WORK INSTRUCTIONS:
What needs reproducing is the run of lines in the data below starting at the line with "The Lebanese designer" and ending at the line with "USB-Cポートから有線LAN接続が可能で、アダプタ不要の便利なケーブルです。", both ends included. Copy it exactly, without pictures, and add nothing.

★ ★ ★ ★ ★

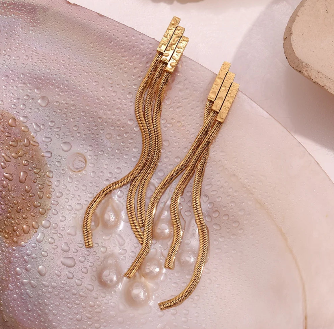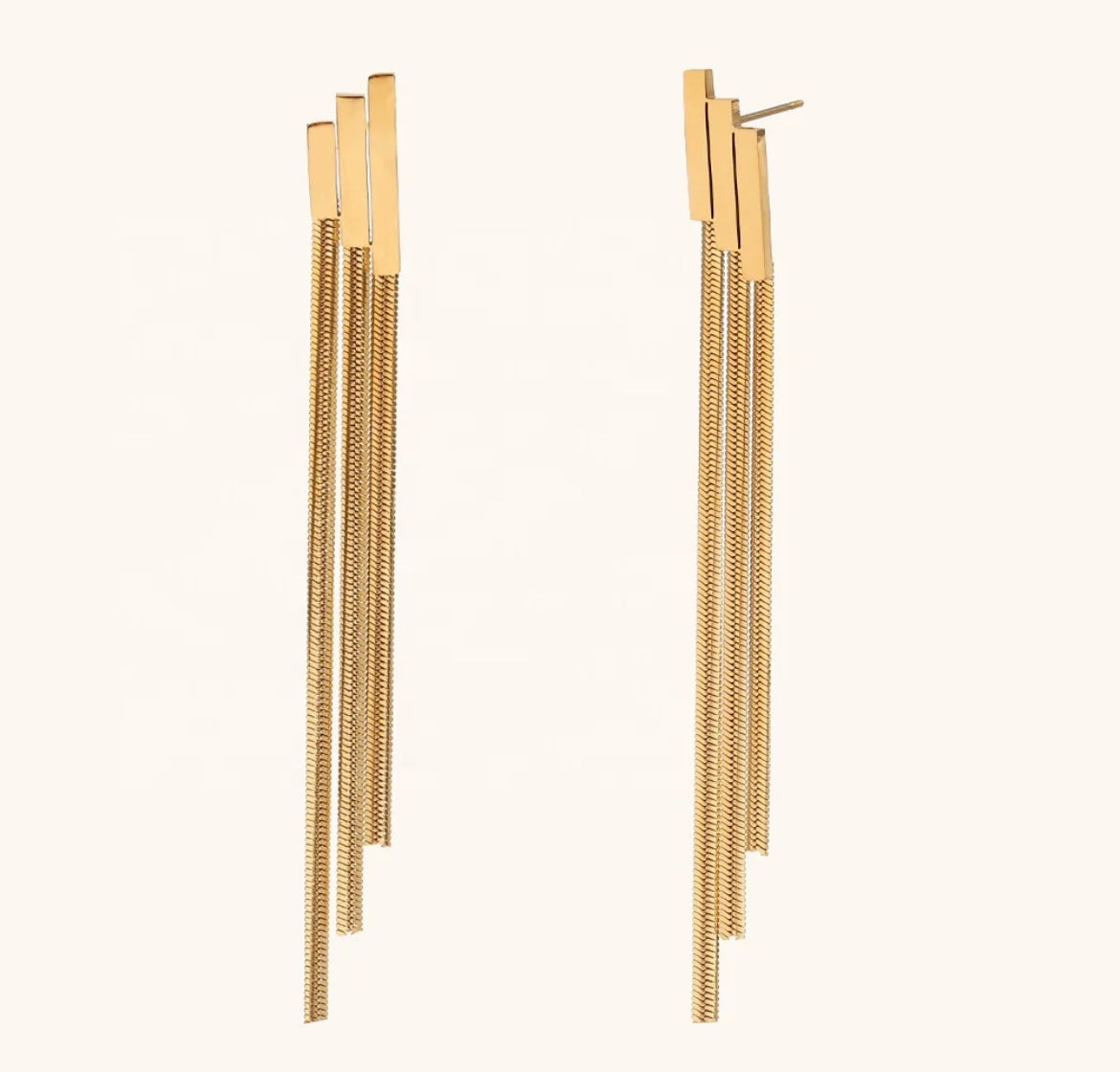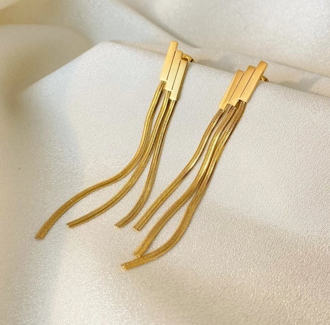 Add a touch of elegance to your outfit with the GIA Tassel Chain Earring. Crafted with 18k posted stainless steel, these earrings are both durable and stylish. Enhance your look with the intricate chain design and unique tassel detail. Perfect for any occasion, these earrings are a timeless addition to your jewelry collection.
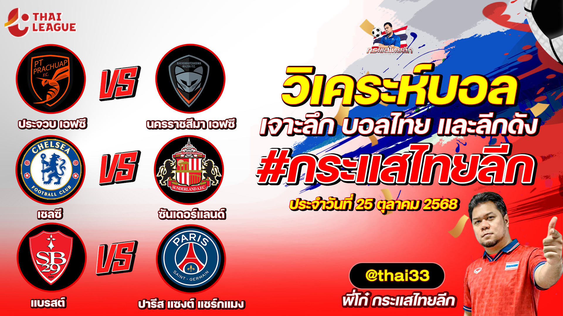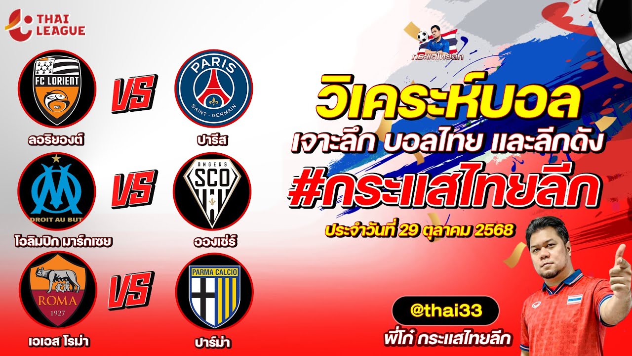 กระแสไทยลีก ทรรศนะบอล 3 คู่ ประจำวันที่ 29/10/2568 รับกระแสไทยลีก ทีเด็ดบอลวันนี้ ทีเด็ดบอลไทย ทรรศนะบอล 3 คู่ กับ พี่โก๋บอลไทย ได้ทุกวันที่ ช่อง กระแสไทยลีก ทีเด็ดบอล 3 คู๋ หน้ากล้อง | วันพุธ ที่ 29 ตุลาคม 2568 ▁▁▁▁▁▁▁▁▁▁▁▁▁▁▁▁▁▁▁▁▁▁▁ 00:27 | ลอริยองต์ VS ปารีส แซงต์ แชร์กแมง 01:24 WEB ADMIN 29 ตุลาคม 2025
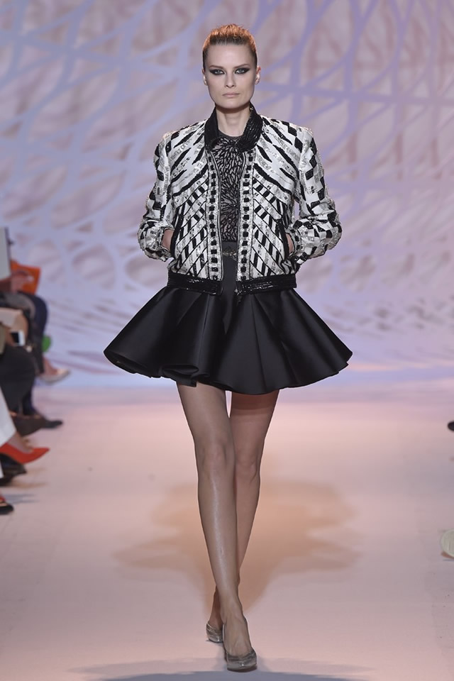 The Lebanese designer used black and white to great effect, whether on a draped bustier gown that was neatly split in half for a yin-and-yang effect, or on a bomber jacket embroidered with an abstract checkerboard pattern worn over a stiff black skater skirt.
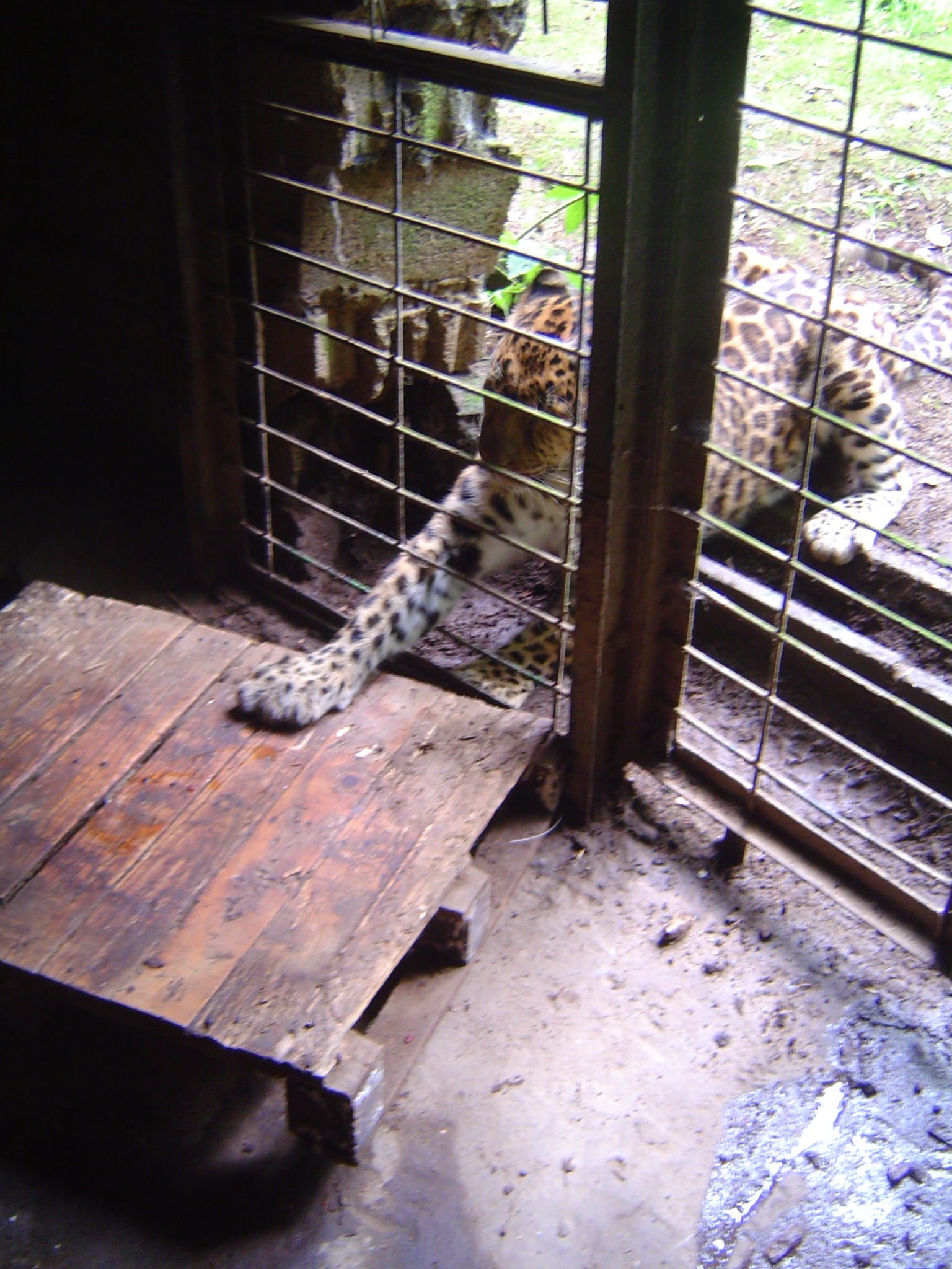 Nous entendant arriver, la panthĂšre vient immĂ©diatement sâinstaller devant la trappe par laquelle elle pourra entrer quelques instants plus tard. Elle rugit en nous regardant, puis passe une patte Ă lâintĂ©rieur du rĂ©duit, agrippe la palette en bois qui lui sert de couchage, la soulĂšve et la fracasse contre la grille.
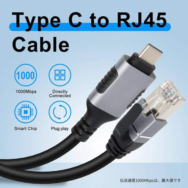 USB-Cポートから有線LAN接続が可能で、アダプタ不要の便利なケーブルです。
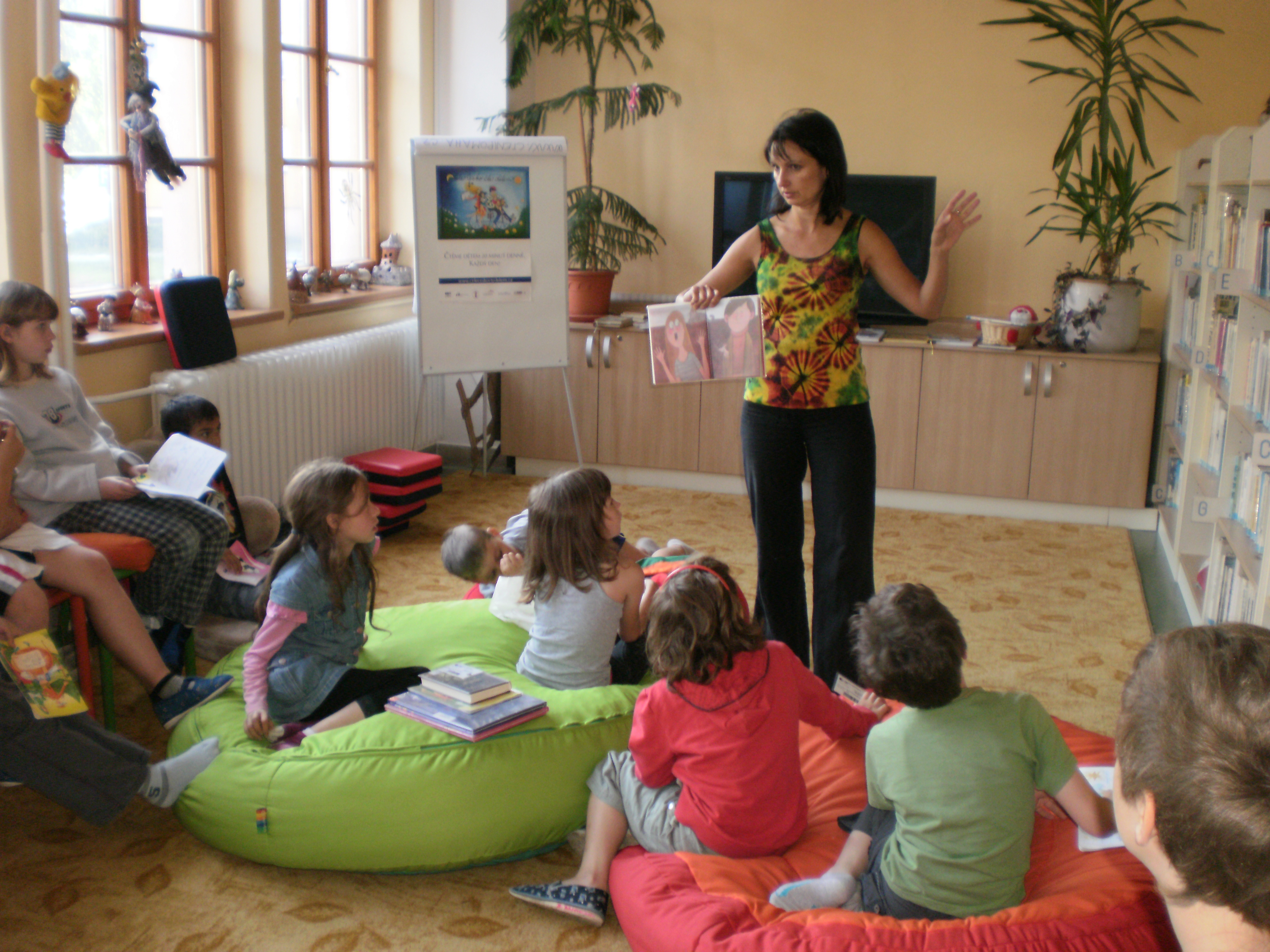 A tak tentokrát povídaly děti o svých oblíbených knížkách, které v každém měsíci četly, který spisovatel či básník knížku napsal, co si o ní zapsaly, zapamatovaly a nakreslily. Kytičkami a dárečky jsme se s paní knihovnicí rozloučili.
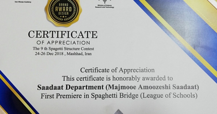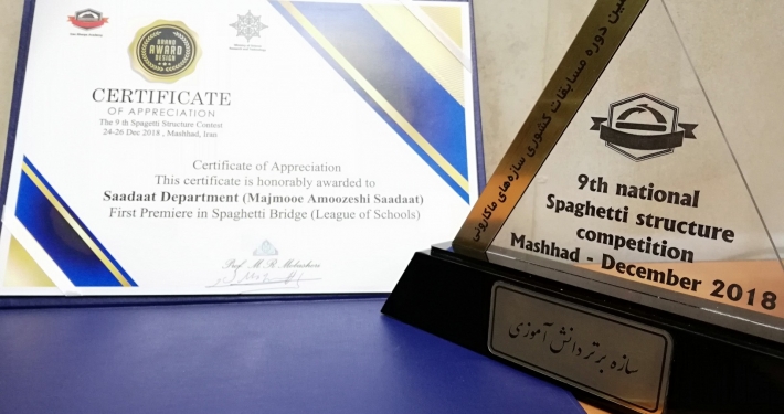 با انتخاب پل ماکارونی گروه دبیرستان سادات به عنوان سازه ی برتر، مقام نخست مسابقات ساخت پل ماکارونی دانش آموزان کشور به افتخارات علمی مجتمع آموزشی سادات افزوده شد.

★ ★ ★ ★ ★

RESPONSE:
 The Lebanese designer used black and white to great effect, whether on a draped bustier gown that was neatly split in half for a yin-and-yang effect, or on a bomber jacket embroidered with an abstract checkerboard pattern worn over a stiff black skater skirt.
 Nous entendant arriver, la panthĂšre vient immĂ©diatement sâinstaller devant la trappe par laquelle elle pourra entrer quelques instants plus tard. Elle rugit en nous regardant, puis passe une patte Ă lâintĂ©rieur du rĂ©duit, agrippe la palette en bois qui lui sert de couchage, la soulĂšve et la fracasse contre la grille.
 USB-Cポートから有線LAN接続が可能で、アダプタ不要の便利なケーブルです。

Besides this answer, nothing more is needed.